%%

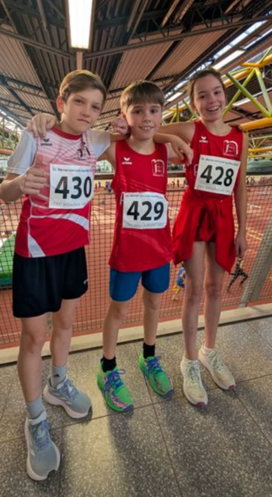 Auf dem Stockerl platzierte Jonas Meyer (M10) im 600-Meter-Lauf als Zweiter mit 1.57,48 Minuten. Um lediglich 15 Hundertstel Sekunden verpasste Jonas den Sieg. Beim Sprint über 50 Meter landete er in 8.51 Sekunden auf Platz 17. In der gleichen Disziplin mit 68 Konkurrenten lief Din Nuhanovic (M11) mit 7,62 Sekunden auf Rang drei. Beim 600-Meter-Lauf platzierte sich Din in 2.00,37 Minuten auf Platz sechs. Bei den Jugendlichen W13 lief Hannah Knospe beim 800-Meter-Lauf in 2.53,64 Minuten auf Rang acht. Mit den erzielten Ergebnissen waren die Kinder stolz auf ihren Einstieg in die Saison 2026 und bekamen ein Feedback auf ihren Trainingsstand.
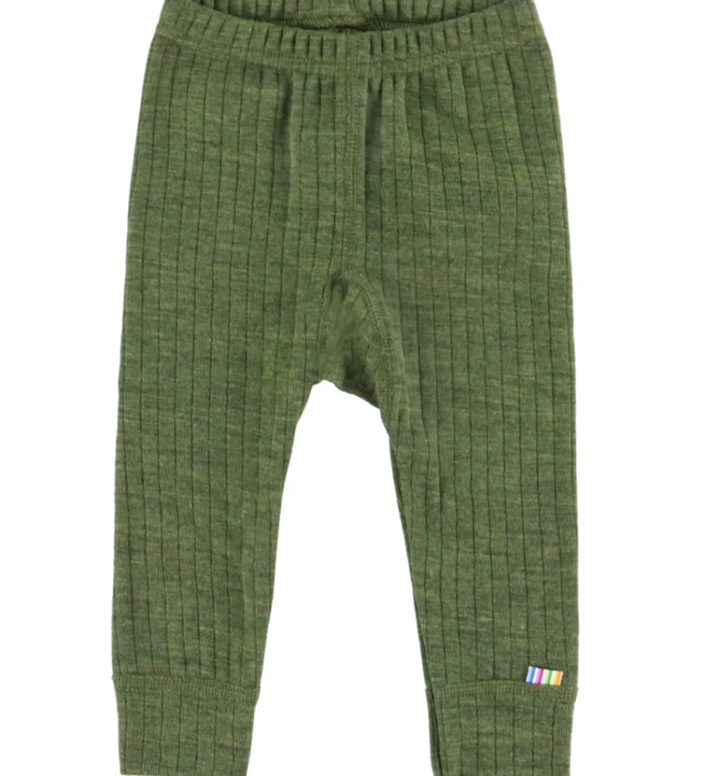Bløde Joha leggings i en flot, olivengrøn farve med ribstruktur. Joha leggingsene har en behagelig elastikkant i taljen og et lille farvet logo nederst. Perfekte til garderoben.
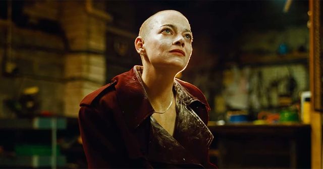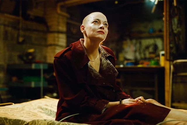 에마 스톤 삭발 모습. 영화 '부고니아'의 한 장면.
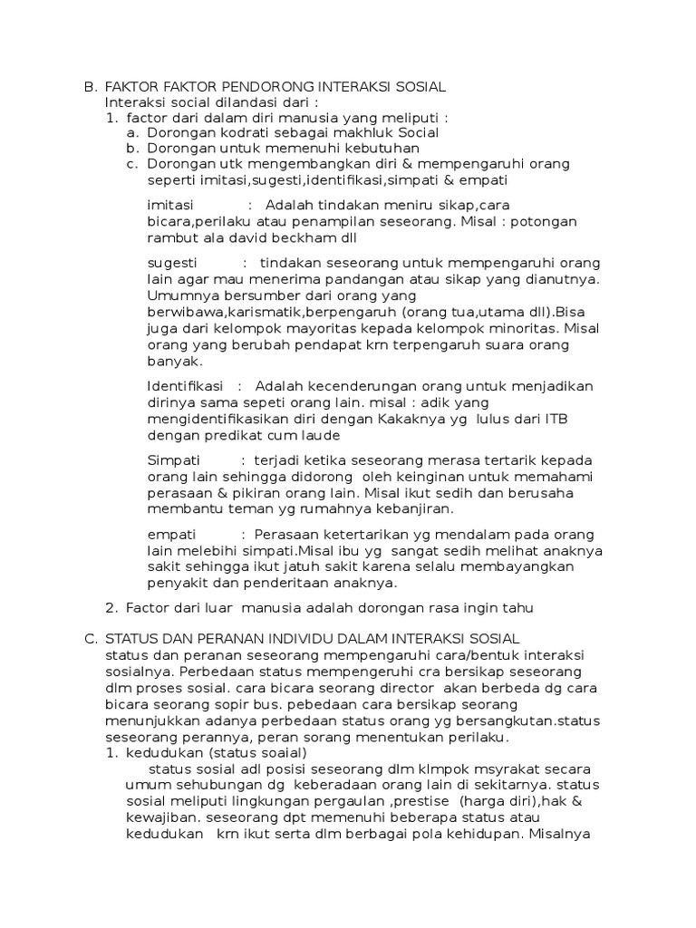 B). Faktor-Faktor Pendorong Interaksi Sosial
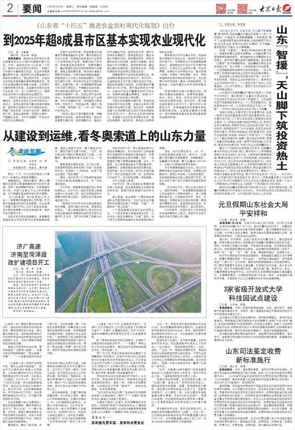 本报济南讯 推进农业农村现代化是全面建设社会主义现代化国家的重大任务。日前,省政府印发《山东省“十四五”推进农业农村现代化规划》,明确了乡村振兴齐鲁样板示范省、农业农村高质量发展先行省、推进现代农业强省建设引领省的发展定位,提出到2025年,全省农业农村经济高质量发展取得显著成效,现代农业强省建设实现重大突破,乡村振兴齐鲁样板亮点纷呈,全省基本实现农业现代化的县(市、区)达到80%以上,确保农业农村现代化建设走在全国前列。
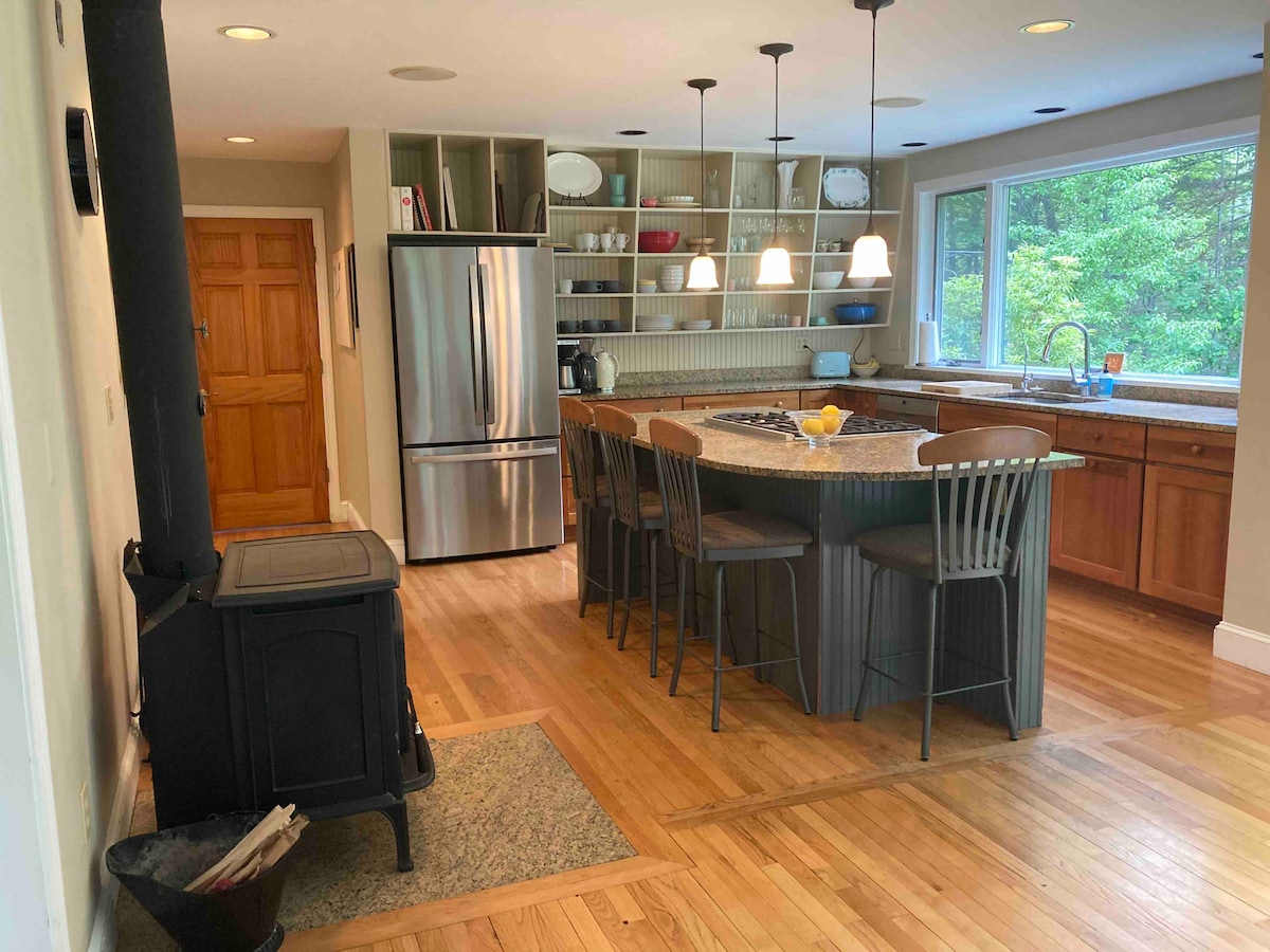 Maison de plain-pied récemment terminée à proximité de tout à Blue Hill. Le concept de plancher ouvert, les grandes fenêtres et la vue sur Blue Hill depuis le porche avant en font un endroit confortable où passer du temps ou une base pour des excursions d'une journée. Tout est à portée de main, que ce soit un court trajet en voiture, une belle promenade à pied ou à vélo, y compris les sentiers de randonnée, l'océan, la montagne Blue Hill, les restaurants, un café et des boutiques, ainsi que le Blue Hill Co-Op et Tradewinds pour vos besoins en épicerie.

%%

Both the line containing "에마 스톤 삭발 모습. 영화 '부고니아'의 한 장면." and the line containing "B). Faktor-Faktor Pendorong Interaksi Sosial" above belong in the output, as do the lines between them. Print them exactly, without pictures.

 에마 스톤 삭발 모습. 영화 '부고니아'의 한 장면.
 B). Faktor-Faktor Pendorong Interaksi Sosial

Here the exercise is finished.